The Eighth Amendment does not permit the unnecessary infliction of pain on a prisoner, either intentionally or because of the deliberate indifference of the responsible prison official. Any such infliction of pain is deemed "wanton." The wanton infliction of pain on an inmate violates the Eighth Amendment. Prisoners have long been held to have a right to humane treatment, including a right to adequate care for their serious medical needs.

The state quickly appealed the ruling, and the case remains unresolved. It proved to be a tricky point for many, even Sen. Elizabeth Warren, D-Mass., a liberal who supports many gay-rights initiatives. "I have to say," she said, "I don't think that's a good use of taxpayer dollars."

If the appeal rules in Kosilek's favor, the Court's decision can serve as an outline for Manning's lawyers. The judge spells out the five requirements for a transexual to present to successfully argue for a surgery:

Therefore, in this case to obtain an order directing the DOC to provide sex-reassignment surgery, Kosilek has been required to prove that: (1) he has a serious medical need; (2) sex reassignment surgery is the only adequate treatment for it; (3) the defendant knows that Kosilek is at high risk of serious harm if he does not receive sex-reassignment surgery; (4) the defendant has not denied that treatment because of good faith, reasonable security concerns, or for any other legitimate penological purpose; and (5) the defendant's unconstitutional conduct will continue in the future.

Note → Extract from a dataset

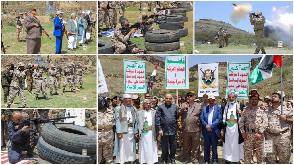 وتابع: “اليوم يومٌ واعدٌ، الجميع يتدرب ويضرب بكل أنواع الأسلحة؛ ليعرف العدوّ أننا شعب واحد، ولا يوجد مسؤول يجلس على مكتبه؛ فالكل سينطلق إلى المعركة نقاتل أعداء الله، وَإذَا أرادت أمريكا أن يأتي جنودها أَو وكلاؤها فنحن نرحب بهم على رؤوس البنادق والمدافع والقذائف في الميدان”.

And be assured: Manning will continue to make headlines, as her story highlights not only the problems transgender people face in the penal system, but also on the military's stance on these issues. Since transgender is considered by the military to be a "psychosexual disorder," it was effectively left out of the "don't ask, don't tell" repeal in 2012. And if it's true that her struggles factored into her decision to leak the information, maybe the military will take a keener look at transgender issues overall.